Re-visiting Identity, marginalization and bilingualism
An international symposium on re-visiting Identity, marginalization and bilingualism
Monday 2 June 2014
Organizers: CCD & LIMCUL
Sheila Ridell, professor of inclusion and diversity, University of Edinburgh. Holder of the Swedish Research Council 2014 Kerstin Hesselgren guest professorship in Sweden
Presentation title: Shifting forms of accountability in special and additional support needs in England and Scotland
Abstract: This presentation will consider the nature of accountability reflected in reforms of special and additional support needs education in England and Scotland. In both countries, new legislation appears to place greater emphasis on children's rights, but place less weight on mechanisms. In England, the growing complexity of the education system, with a rapid growth of academies and free schools which are free of local government control, makes accountability for parents more difficult. External forms of accountability for children's performance, such as those used in the USA via No Child Left Behind, appear to be little used in the UK. The implications of these changes, particularly in the context of ongoing austerity politics, are discussed.
Liisa Husu, professor of gender science, Örebro University
Presentation title: Internationalisation and multilingualism in universities: reflections on Nordic contexts
Abstract: Nordic universities, among them Örebro University, are increasingly promoting internationalisation of their staff and research and teaching activities, and for that purpose drafting strategy documents, with specified goals and earmarked funding. The ”language issue” is at the core of the internationalisation debates in university settings. The presentation reflects on and interrogates the diverse and often conflicting understandings of ”the language issue” in the process of internationalisation in small Nordic country settings, on the basis of long-term academic work experience in Swedish and Finnish universities, and as a multilingual university teacher teaching in three languages.
S. Imtiaz Hasnain, professor of Sociolinguistics, Department of Linguistics, Aligarh Muslim University
Presentation title: Languaging and Identification through Time and Space: Approaching Complexity of Language and Script in a Competing Multilingual Situation with reference to Urdu
Abstract: Language is one of the mediating tools of the mind, and therefore, forms a dialectic relationship between cognition and languaging. One of the ways through which mind uses tools for achieving this mediation is script. Script shapes and reshapes our cognition and in the process it gives meaning and sense of belonging and relatedness between individual and community. It also provides evaluation of self and self by others. Languaging allows us to initiate a discursive negotiation of cultural differences and also gives voice to one's own identity.

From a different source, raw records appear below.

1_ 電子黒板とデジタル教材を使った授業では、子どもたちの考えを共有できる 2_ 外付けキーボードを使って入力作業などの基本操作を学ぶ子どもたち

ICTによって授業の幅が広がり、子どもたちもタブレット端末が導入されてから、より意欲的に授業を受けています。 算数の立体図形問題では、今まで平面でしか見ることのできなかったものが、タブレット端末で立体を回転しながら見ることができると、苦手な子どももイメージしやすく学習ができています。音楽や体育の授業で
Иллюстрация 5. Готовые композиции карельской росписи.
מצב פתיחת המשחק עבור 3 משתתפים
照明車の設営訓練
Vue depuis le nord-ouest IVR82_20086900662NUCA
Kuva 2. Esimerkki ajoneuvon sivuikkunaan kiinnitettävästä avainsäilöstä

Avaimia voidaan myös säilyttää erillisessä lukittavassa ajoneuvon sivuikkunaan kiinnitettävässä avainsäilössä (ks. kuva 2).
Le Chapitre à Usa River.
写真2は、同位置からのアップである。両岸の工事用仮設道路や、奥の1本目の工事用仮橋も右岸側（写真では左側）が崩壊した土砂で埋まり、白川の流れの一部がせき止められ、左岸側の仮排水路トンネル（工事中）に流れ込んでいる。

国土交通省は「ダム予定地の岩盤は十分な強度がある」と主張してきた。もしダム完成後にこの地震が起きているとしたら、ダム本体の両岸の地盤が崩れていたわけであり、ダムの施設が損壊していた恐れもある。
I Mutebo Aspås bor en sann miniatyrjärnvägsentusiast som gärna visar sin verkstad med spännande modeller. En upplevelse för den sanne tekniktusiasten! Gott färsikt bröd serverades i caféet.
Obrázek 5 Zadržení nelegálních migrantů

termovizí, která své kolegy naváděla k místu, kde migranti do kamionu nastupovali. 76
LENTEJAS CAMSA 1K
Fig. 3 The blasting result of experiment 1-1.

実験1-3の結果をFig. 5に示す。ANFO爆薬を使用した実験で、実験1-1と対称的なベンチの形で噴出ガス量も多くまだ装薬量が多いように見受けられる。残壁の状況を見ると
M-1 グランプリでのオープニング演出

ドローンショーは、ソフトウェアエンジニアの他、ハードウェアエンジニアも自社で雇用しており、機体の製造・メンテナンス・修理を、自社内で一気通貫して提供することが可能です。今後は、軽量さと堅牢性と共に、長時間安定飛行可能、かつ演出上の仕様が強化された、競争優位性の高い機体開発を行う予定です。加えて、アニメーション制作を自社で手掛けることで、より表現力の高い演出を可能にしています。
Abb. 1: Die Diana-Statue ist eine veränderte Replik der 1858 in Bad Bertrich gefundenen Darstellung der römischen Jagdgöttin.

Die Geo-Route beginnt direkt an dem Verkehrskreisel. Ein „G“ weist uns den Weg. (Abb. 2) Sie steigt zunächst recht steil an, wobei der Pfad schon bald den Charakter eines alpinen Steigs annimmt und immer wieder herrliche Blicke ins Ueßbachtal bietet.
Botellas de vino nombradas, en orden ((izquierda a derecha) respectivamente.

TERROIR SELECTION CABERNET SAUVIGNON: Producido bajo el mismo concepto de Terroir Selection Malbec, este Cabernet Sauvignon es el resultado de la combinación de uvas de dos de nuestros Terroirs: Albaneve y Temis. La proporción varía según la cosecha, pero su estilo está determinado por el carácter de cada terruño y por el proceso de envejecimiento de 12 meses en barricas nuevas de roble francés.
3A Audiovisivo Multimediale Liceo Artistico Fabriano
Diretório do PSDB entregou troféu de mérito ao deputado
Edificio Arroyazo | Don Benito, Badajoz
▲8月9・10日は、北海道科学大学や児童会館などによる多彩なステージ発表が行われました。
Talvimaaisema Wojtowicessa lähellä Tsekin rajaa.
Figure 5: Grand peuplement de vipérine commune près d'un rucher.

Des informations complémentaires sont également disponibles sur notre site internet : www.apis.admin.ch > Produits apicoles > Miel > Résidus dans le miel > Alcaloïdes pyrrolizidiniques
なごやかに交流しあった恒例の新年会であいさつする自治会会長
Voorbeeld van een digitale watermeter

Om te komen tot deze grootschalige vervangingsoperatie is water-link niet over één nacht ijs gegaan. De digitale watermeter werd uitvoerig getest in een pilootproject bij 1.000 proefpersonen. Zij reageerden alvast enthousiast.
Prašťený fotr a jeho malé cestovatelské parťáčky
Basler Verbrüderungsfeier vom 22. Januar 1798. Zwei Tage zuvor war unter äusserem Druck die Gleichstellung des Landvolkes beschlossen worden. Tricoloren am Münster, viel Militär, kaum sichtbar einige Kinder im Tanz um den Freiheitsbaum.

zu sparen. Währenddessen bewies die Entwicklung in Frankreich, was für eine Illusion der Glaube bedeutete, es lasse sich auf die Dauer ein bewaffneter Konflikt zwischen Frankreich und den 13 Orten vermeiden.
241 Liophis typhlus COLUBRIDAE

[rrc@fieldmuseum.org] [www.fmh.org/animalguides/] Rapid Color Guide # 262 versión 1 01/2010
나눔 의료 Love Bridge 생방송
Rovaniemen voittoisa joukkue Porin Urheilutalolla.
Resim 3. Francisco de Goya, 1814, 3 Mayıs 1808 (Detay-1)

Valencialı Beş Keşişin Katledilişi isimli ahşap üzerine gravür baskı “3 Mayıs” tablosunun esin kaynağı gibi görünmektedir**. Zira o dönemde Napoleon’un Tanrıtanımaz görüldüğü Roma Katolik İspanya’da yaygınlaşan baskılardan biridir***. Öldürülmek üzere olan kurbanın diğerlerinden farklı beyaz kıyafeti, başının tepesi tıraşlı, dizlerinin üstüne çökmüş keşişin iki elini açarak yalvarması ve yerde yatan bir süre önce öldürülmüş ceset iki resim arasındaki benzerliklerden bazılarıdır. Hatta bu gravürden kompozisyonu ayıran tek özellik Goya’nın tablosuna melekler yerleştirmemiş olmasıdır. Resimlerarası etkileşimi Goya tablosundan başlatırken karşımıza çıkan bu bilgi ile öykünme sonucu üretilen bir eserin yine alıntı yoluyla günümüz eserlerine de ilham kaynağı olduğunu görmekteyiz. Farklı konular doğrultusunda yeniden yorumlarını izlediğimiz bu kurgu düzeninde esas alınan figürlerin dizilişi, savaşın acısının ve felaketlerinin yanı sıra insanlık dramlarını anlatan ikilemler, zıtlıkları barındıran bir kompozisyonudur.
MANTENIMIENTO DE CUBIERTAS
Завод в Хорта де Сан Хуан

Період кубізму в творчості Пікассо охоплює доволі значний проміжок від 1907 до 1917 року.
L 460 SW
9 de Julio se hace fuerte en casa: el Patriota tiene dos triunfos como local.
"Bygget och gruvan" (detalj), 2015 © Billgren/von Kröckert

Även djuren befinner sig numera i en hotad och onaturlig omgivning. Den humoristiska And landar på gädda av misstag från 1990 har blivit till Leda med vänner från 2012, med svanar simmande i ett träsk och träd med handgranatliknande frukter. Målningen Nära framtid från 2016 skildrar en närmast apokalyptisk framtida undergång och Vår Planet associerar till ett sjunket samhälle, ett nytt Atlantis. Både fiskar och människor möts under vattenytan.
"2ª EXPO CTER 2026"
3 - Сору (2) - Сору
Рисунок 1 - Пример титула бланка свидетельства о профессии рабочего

Script is not merely an innocuous medium for reducing speech to writing, nor script-identity nexus can remain hermetically sealed from categories of religion. Urdu enjoys unique distinction of having religion associated with script. Notwithstanding social-communicative and pragmatic considerations surrounding the choice of script, issues concerning relationship between identity and script are bound up with some of the most troubling phenomenon of our times- communal & ethnic violence, discrimination and suspicion on the basis of religion & ethnicity. For, as poststructuralist theories of discourse inform us, script as a material act of inscription extends beyond the purely material to foreground its symbolic significance in the making of the self and thus, facilitates the ideologies of identification and languaging to work with iconicity, recursiveness and erasure.
Ofelia García, professor of Urban Education and of Hispanic and Luso-Brazilian Literatures and Languages at the Graduate Center of the City University of New York.
Presentation title: Language and bilingualism in education: Misconstructions and reconstructions
Abstract: As bilingualism has become a most important feature of education throughout the world, scholars have begun to question the traditional separation of languages that has been the hallmark of language education programs. By deconstructing traditional understandings of language and bilingualism, this presentation lends support to the idea that translanguaging, that is, the use of the entire linguistic repertoire of bilingual children, is an important practice in educating children bilingually.